Born and raised in the Jazz-ridden New Orleans streets, Connee (Connie) Boswell, and her two other sisters, Martha and Vet, learned to pluck and toot almost every instrument used in popular and vocal Jazz. The Boswell sisters even appeared with the New Orleans Philharmonic at a very young age, but their main focus was vocally. It was in 1925 when they cut their own record, and soon after, started to tour the United States, appearing on radio. Here and there on their busy trek across the country, they found time to record albums, which built up their popularity to such a point, that they were even getting respectful gestures from Jazz giants, such as Benny Goodman and Eddie Lang.
Connee was the ring leader of the trio, usually devising innovative charts of Jazz that were chock full unexpected changes in tempo, rhythm, and key. This left the audience's thirst for Jazz quenched, but only to the point where, on their ride home, they would want more! Connee was so into her music that some believed that she was a direct descendant of Jazz itself, the Jazz Queen herself. In 1936, all the sisters got married, and Vet and Martha retired. Connie, on the other hand, even though she cut solo albums while with the group, directed her entire focus on her solo career.

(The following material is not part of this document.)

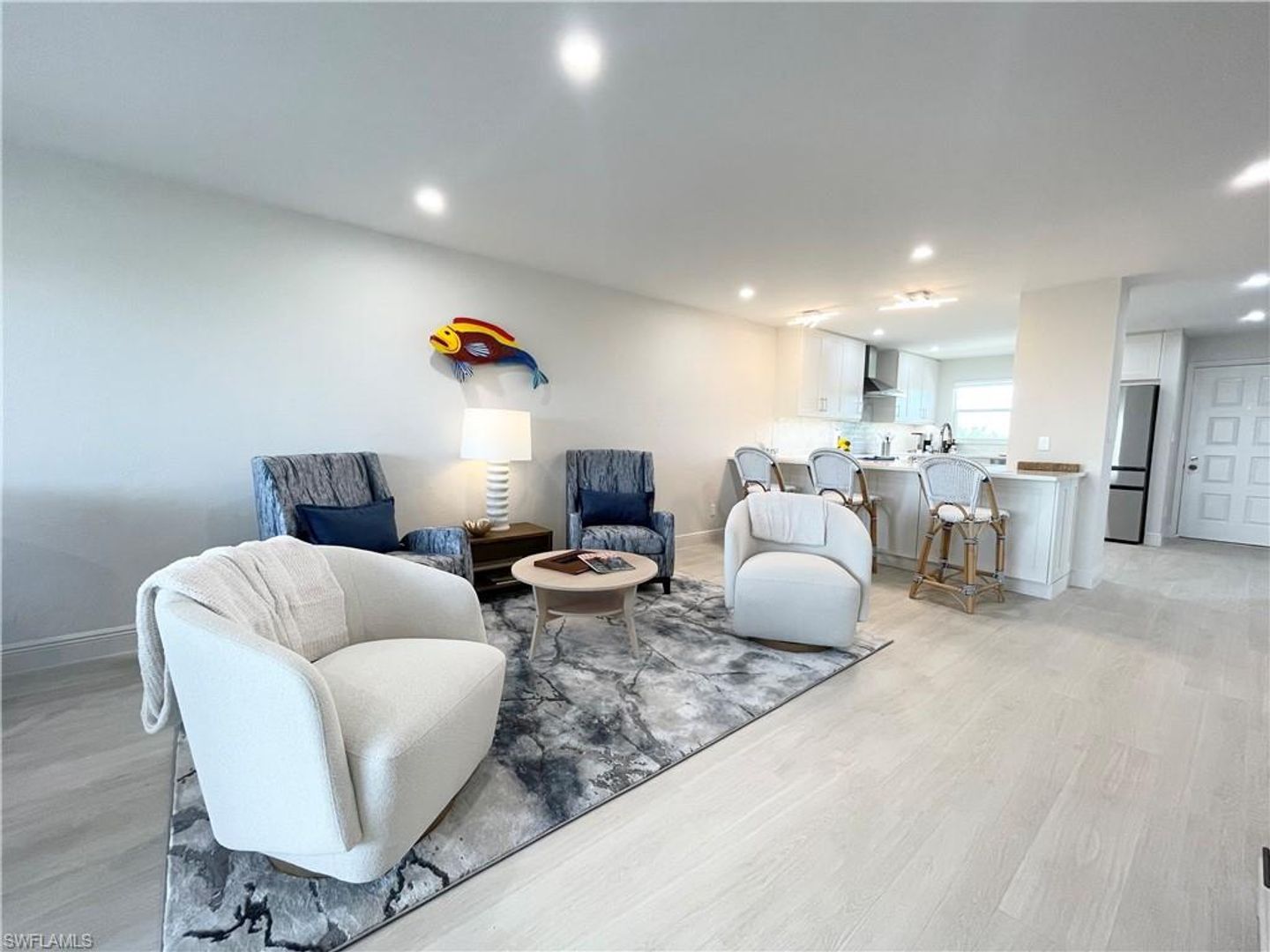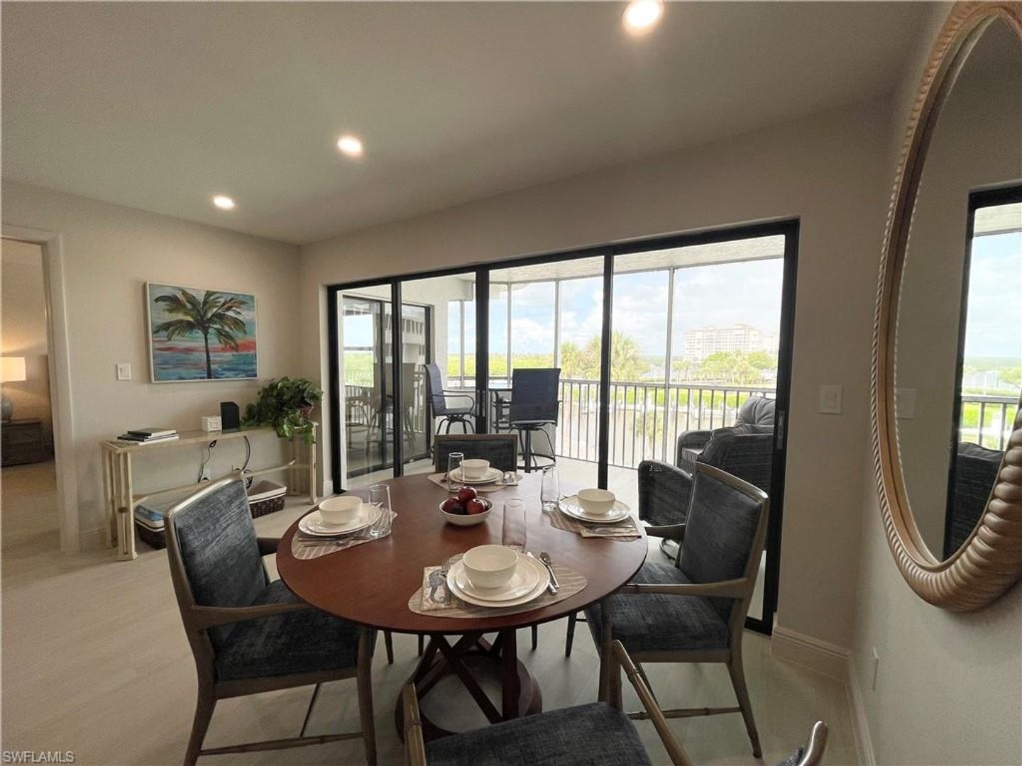 Welcome to the Anchorage at Vanderbilt, located near the mouth of the Cocohatchee River and calming water views of mangroves and sunsets with dolphin and manatee watching included. Inside, a driftwood theme that has been carried throughout the two bedrooms and bathrooms. Open style Living area, with all the creature comforts and cozy linens and bedding. This home has a fully stocked Kitchen, and a Clear view of the Gulf of America that will keep you peeking out across the coastal view off of the screened in Lanai. The Anchorage is a gated community, with one private covered parking, and the ability to rent a boat slip. Lovely fun pool and Tiki Hut also. Very Close to All shopping, Mercato, and beaches, and what North Naples offers from this great locale. Small pets on approval.

I ripped only the vocal tracks with Connee.


thomasm said...

Welcome back from vacation Daniel. I too just returned from a trip. We went to New Orleans to do free legal work (pro bono) for people who lost their houses in Hurricane Katrina. So it was great fun to return home and find this wonderful music from a daughter of New Orleans--Connie Boswell. Hearing The Saints Go Marching In brings back fond memories of this past week and of a city that still needs much help. Thank you--Tom

soilworker said...

Usually I'm not that into New Orleans trumpet sounds but this album - or at least those vocal tracks with Connie Boswell - is fun!

jayh said...

This is lively and fun to listen to. Thanks.